きっと、ここが帰る場所

July 22 [Sun], 2012, 23:24
This Must be the Place

かつてのロックスターが長年疎遠だった父の死をきっかけにアメリカに戻り、小さな町を渡り歩く旅に出る。

雲の上を漂うかのような、アメリカの原風景が印象的な、詩的なムードが漂うロードムービー。

かつてのヴィム・ヴェンダース系とでもいいましょうか、人の心の旅路が詩的な感覚が炙り出される、淡々としてるしそう面白味もないのだけれど(←)何故か心惹かれるロードムービー。
今も昔もロードムービーに魅力があるのは、そこに主人公だけではない、人生が重ねて見えるからだと思う。それも極めてシンプルな、誰もが感じる人生への渇望とでもいうべきもの。非日常的であるからこそ、何気ない光景や出会う人々の言葉が心に残る。

まあそれ以前に、この作品ではショーン・ペンが演じる過去のロックスター像が強烈過ぎてまず目を奪われてしまいますけれども。汗
見た目キュアーのロバート・スミスな、アイルランド在住のシャイアン。かつては陰鬱な詩を書き一世を風靡したが、現在は隠居生活の身。とはいっても優雅な邸宅に妻とふたり、仲睦まじく暮らしている。
ショーン・ペンのなりきり演技はさすがで、メイクもあるとはいえ普段の面影が全くないのに驚き。ふにゃふにゃした話し方に独特のいらっとくる(←)含み笑い、いかにも繊細な文学青年の中年化といった風情。
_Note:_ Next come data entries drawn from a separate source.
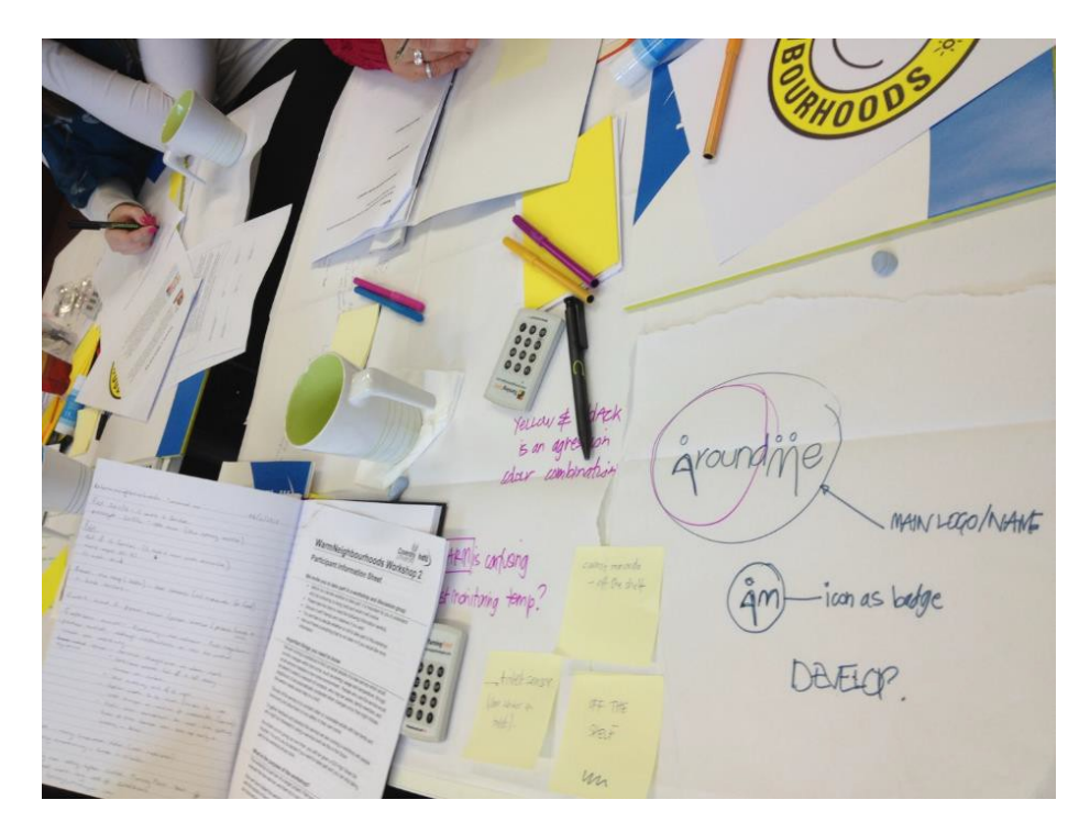
Figure 3: Simultaneous research and design stages, with users and stakeholders

held with potential users (older people, people with long-term health conditions, carers), commercial stakeholders (those working in the care industry), and technologists. 2D-illustrations were used to summarise service concepts in between the two cocreation sessions (see Figure 3 for example outputs), and existing sensor technology was used to rapidly prototype a working service which was implemented as a test pilot with 12 families. The inclusion of users in the process produced original and innovative ideas, e.g. commercial stakeholders had not considered environmental impact of the service, however users felt strongly that technology provided should be returnable and reused should a customer leave the service. Including commercial and technology stakeholders in the process allowed the development of a service which was acceptable to users, but also feasible. The service is now out for commercialisation (Holliday et al , 2014).
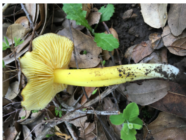
Hygrocybe flavescens - Oakland, CA
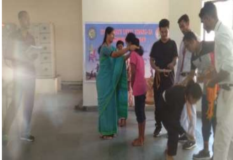
Medal distribution ceremony
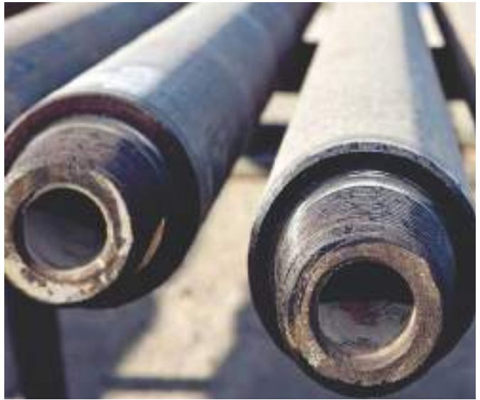
Drill pipes for threading
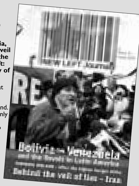
New Left Journal is available at €3 plus postage from Bookmarx, PO Box 1648, Dublin 8

In this way, we hope that New Left Journal may become a genuine forum of the anti-war movement, of anti-racism and the battles against the neoliberal agenda in Ireland.
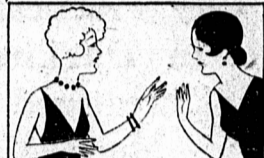
"I like George, but he is such a small man, I wish he was taller." "Well, it's better to have loved a short man than never to have loved a tall."
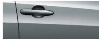
1J6 Platinum §
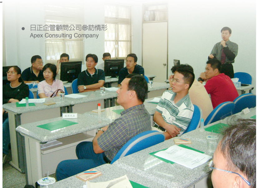
● 日正企管顧問公司參訪情形 Apex Consulting Company

ただ何気に毒っ気というか皮肉屋でもあるのが面白い。
そんで妻役が男顔のフランシス・マクドーマンドなもんだから、この夫婦のまるで男女入れ替えたような佇まいが何とも・・・フランシスは化粧っ気もないし、タフな消防士そのもの。汗
こんな男っぽかったでしたっけ?

・・・ていうか、本筋に入る前の、前置き長くない?と思ったのは私だけ?
アメリカに渡る前にだいぶ時間を使ってたような気がするんですが・・・。まあそれでシャイアンの背景を描く、ということだったのかもしれないけど。でも舞台が変わることもあって良い対比にはなっていましたね。傍目には生活に困ることもなく、若いバンドからアプローチも受けたりして、悠々自適に見える元ロックスターが、疎遠だった父の想いを遂げようと旅に出る、それは一見唐突な行動のようにも思える。
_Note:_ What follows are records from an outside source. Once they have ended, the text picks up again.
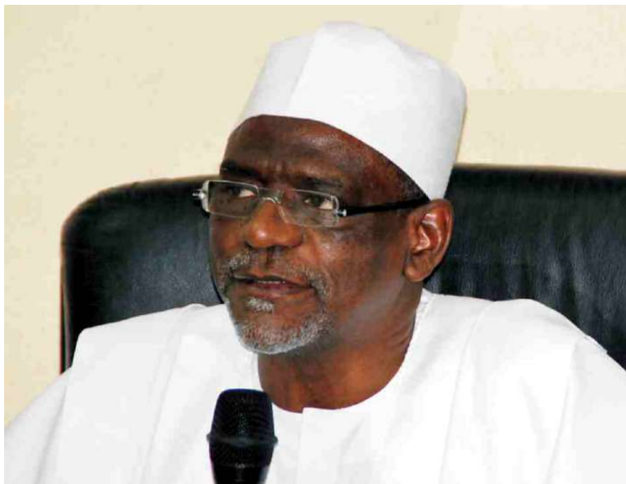
Mal. Adamu Adamu Minister of Education
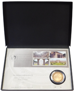
A Royal Mint & Royal Mail Remembrance gold coin first day cover, 1939-1945 In Remembrance of the Second World War, limited edition 43 of 50. SOLD for £2,600
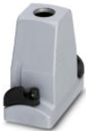
HEAVYCON ADVANCE EMV sleeve housing B10, with bayonet locking, height 100 mm, with 1x M32 thread, straight cable outlet

Please be informed that the data shown in this PDF Document is generated from our Online Catalog. Please find the complete data in the user's documentation. Our General Terms of Use for Downloads are valid ( http://download.phoenixcontact.com )
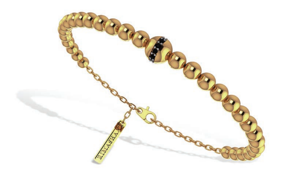
GOLD & DIAMOND
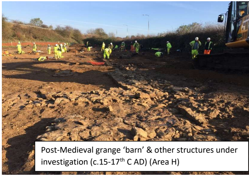
Post-Medieval grange 'barn' & other structures under investigation (c.15-17 th C AD) (Area H)
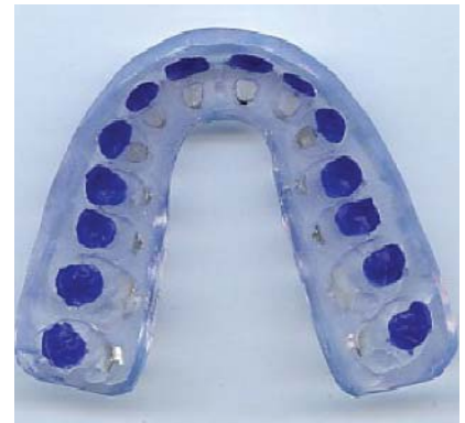
Figure 40. Replace the brackets into the tray using tweezers, steam clean gently, taking care not to move the brackets and then clean again any marks/lines with acetone and the tray is ready.
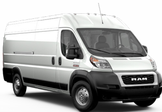
ProMaster 159" Extended WB
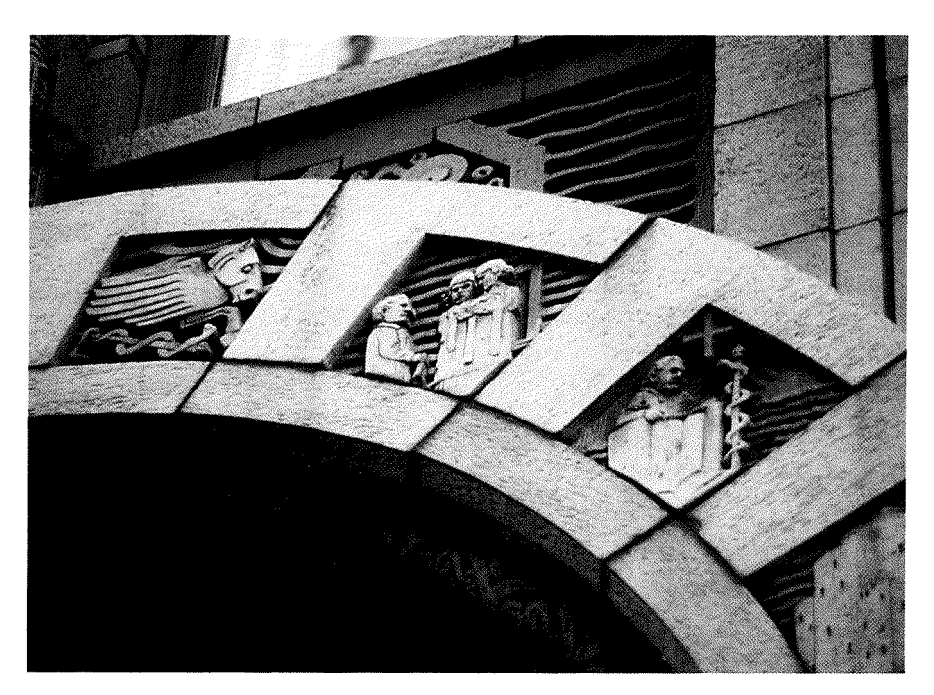
Detail of entrance arch.
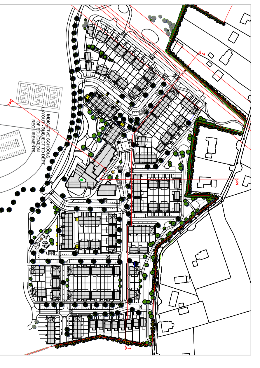
NS Key Plan NOT TO SCALE
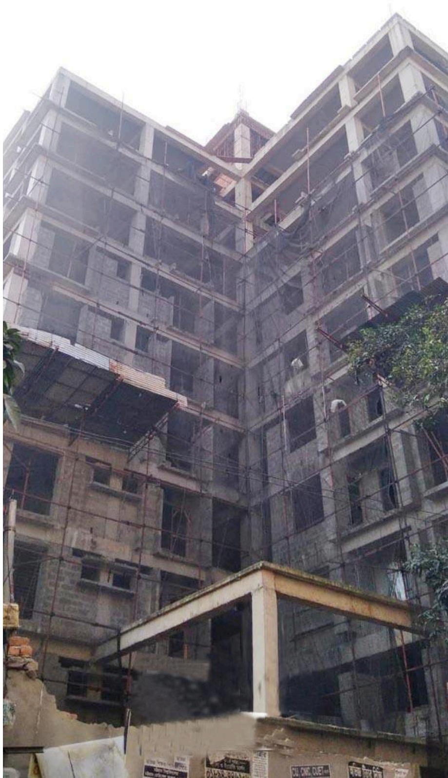
10- storied building at Abandoned House No-76/A-1, Road No-1, Nasirabad Housing Society.
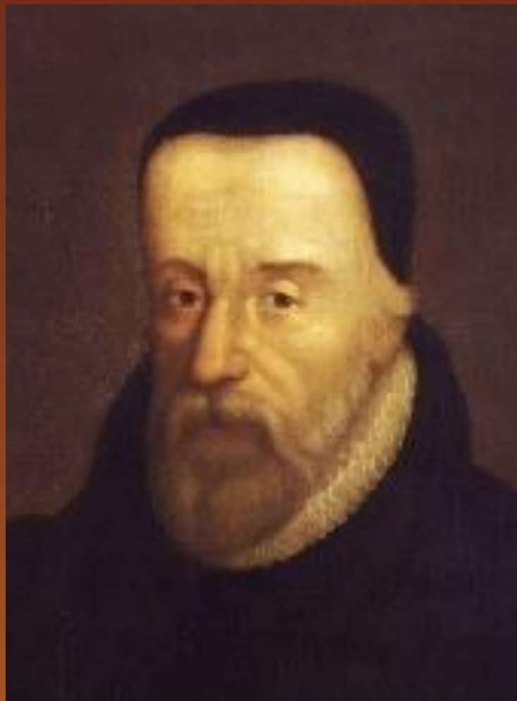
William Tyndale 1494 - 1536
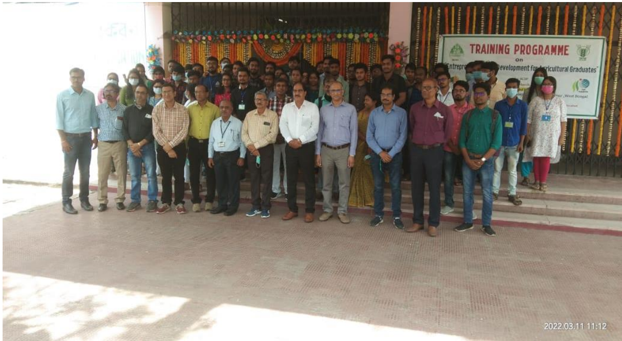
Group photo with participants and speakers
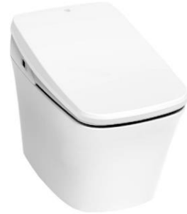
TCB 9100W / 9100WA (Auto Open/Close)

彼は厭世的でいながら、いつも生死の意味に囚われ続けて生きてきたのかもしれない。昔のままの姿で居続けるのも、ある時点から先に進めないものを抱えていたからかもしれない。
預かった高級車に乗り、でもその高級車は燃え尽きる。手がかりを追ってアメリカのごく小さな町を巡り続ける。いつかは終わりが来るはずの、でも終わりのないような旅。
ロードムービーの基本は心の浄化の過程であるからして、数々の美しい、でもどこかに取り残されたような寂寥感漂う光景を強烈に観る者の心に焼き付ける。